Face à lui, le PLQ et le PQ ont respectivement choisi d’aligner Pierre Arcand et Pascal Bérubé, des politiciens d’expérience. Ils assurent tous deux qu’ils s’acquitteront de leur tâche de façon consciencieuse; l’opposition va « jouer son rôle », arguent-ils.

Les deux partis ne se sont pas encore engagés dans des courses à la direction, en faisant valoir qu’il convenait d’abord de faire le bilan de la dernière campagne avec leurs membres. Il n’en est pas moins certain que ces courses s’activeront bientôt, ne serait-ce qu’en coulisses.

La situation est tout autre à Québec solidaire, où l’on craignait encore il n’y a pas si longtemps que les départs des fondateurs Françoise David et Amir Khadir n’annoncent des jours sombres.
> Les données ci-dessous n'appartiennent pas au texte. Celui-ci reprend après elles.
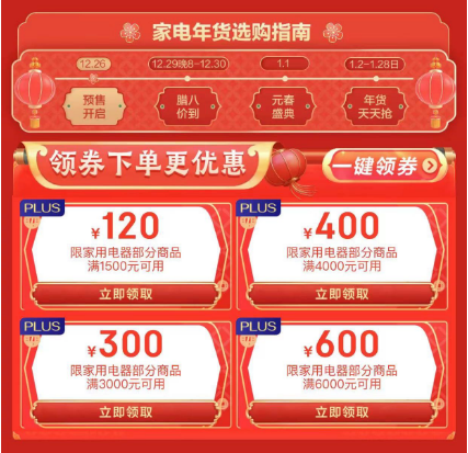 新年的脚步越发临近,家家户户都开始置办起了年货。随着我国疫情防控已进入常态化,把家里使用频率最多的老旧家电进行以旧换新也成为了大多数人的选择之一,给家里换新空调、电视、净水器等家电产品会让家人感到满满幸福感。以"过年焕新家,还得是京东"为主题的京东家电年货节活动已于12月26日火热开启,家电大牌直降20%,还有超多爆款好物家电再享以旧换新立减10%的补贴,每位PLUS会员可领取1420元PLUS超级补贴,包括满1500-120,满3000-300,满4000-400,满6000-600的优惠券,均可在京东家电年货节主会场一键领取。除此之外,今年年货节期间,京东家电还推出了“买贵必赔”的保障服务,解决了不少消费者的购物烦恼。

Les co-porte-parole Manon Massé et Gabriel Nadeau-Dubois sont bien en selle, à la tête d’un contingent sans précédent de 10 députés.

Québec solidaire se positionne en outre clairement comme la conscience du Parlement en matière de lutte contre les changements climatiques, face à un gouvernement qui n’en a pas fait un enjeu-clé.